Dataset entries –
--- --- ---

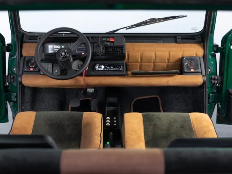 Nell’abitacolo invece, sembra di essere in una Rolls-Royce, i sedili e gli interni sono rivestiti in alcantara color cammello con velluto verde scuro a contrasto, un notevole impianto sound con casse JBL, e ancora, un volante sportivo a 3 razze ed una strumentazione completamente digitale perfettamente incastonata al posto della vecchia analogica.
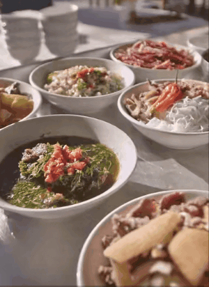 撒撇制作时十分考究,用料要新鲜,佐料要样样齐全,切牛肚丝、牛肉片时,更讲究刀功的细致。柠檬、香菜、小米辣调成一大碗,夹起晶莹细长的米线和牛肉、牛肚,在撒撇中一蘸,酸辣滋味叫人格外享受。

--- --- ---

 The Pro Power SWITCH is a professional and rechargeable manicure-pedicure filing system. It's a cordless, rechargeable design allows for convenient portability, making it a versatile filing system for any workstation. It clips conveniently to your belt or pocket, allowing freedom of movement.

--- --- ---

Exercise instructions –
Go back to the lines above and output, exactly as they stand, the ones from the line containing "Nell’abitacolo invece, sembra" to the line containing "撒撇制作时十分考究,用料要新". Leave all pictures behind.

Answer –
 Nell’abitacolo invece, sembra di essere in una Rolls-Royce, i sedili e gli interni sono rivestiti in alcantara color cammello con velluto verde scuro a contrasto, un notevole impianto sound con casse JBL, e ancora, un volante sportivo a 3 razze ed una strumentazione completamente digitale perfettamente incastonata al posto della vecchia analogica.
 撒撇制作时十分考究,用料要新鲜,佐料要样样齐全,切牛肚丝、牛肉片时,更讲究刀功的细致。柠檬、香菜、小米辣调成一大碗,夹起晶莹细长的米线和牛肉、牛肚,在撒撇中一蘸,酸辣滋味叫人格外享受。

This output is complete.